**Material shown:**
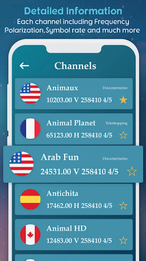 You may reposition any satellite dish with the help of the Satellite Finder app- satellite finder free dish tv. A satellite channel frequency feature is available in the free satellite dish finder app. Use this free satellite finder app to align the dish. The best satellite frequency finder- satellite finder for all tv dish tool displays the frequencies of all spacecraft.
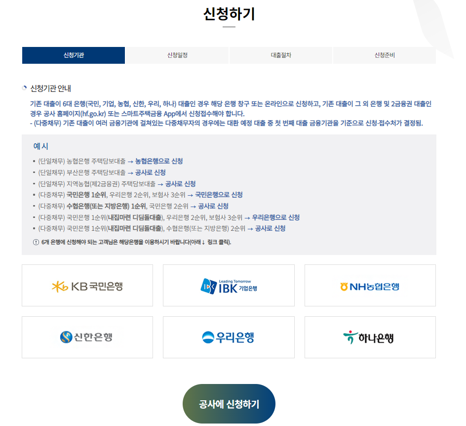 - 기존 주담대 금융기관에 따라 신청/접수처가 다릅니다.
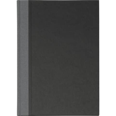 Holzfreies, weißes Papier, 90 g/qm, fadengeheftet. Mit grauer Speziallineatur mit Raster und Seitenzahlen, 2 Lesebänder (grau und schwarz) und Deckelschild lose eingelegt. Einband aus schwarzer, kratz- und scheuerfester Elefantenhaut und gerundetem grauen Geweberücken. Größe: A4.
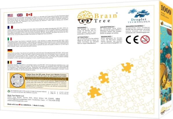 Fedezze fel a színekben és titkokban gazdag víz alatti világot a BRAIN TREE 1000 darabos kirakójával. A matt felületnek, a precíz, véletlenszerű formájú kivágásnak és a praktikus kiegészítőknek köszönhetően kényelmes kirakást élvezhet, élesen látható részletekkel és hosszú élettartammal.
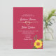 Moderno - retrô, boho, convite de casamento cor-de-rosa floral, magenta com corda de ouro falso, monograma de volta e foto do casal.

**Problem details:**
Could you reproduce the records above exactly, leaving out every picture?

**Exercise solution:**
 You may reposition any satellite dish with the help of the Satellite Finder app- satellite finder free dish tv. A satellite channel frequency feature is available in the free satellite dish finder app. Use this free satellite finder app to align the dish. The best satellite frequency finder- satellite finder for all tv dish tool displays the frequencies of all spacecraft.
 - 기존 주담대 금융기관에 따라 신청/접수처가 다릅니다.
 Holzfreies, weißes Papier, 90 g/qm, fadengeheftet. Mit grauer Speziallineatur mit Raster und Seitenzahlen, 2 Lesebänder (grau und schwarz) und Deckelschild lose eingelegt. Einband aus schwarzer, kratz- und scheuerfester Elefantenhaut und gerundetem grauen Geweberücken. Größe: A4.
 Fedezze fel a színekben és titkokban gazdag víz alatti világot a BRAIN TREE 1000 darabos kirakójával. A matt felületnek, a precíz, véletlenszerű formájú kivágásnak és a praktikus kiegészítőknek köszönhetően kényelmes kirakást élvezhet, élesen látható részletekkel és hosszú élettartammal.
 Moderno - retrô, boho, convite de casamento cor-de-rosa floral, magenta com corda de ouro falso, monograma de volta e foto do casal.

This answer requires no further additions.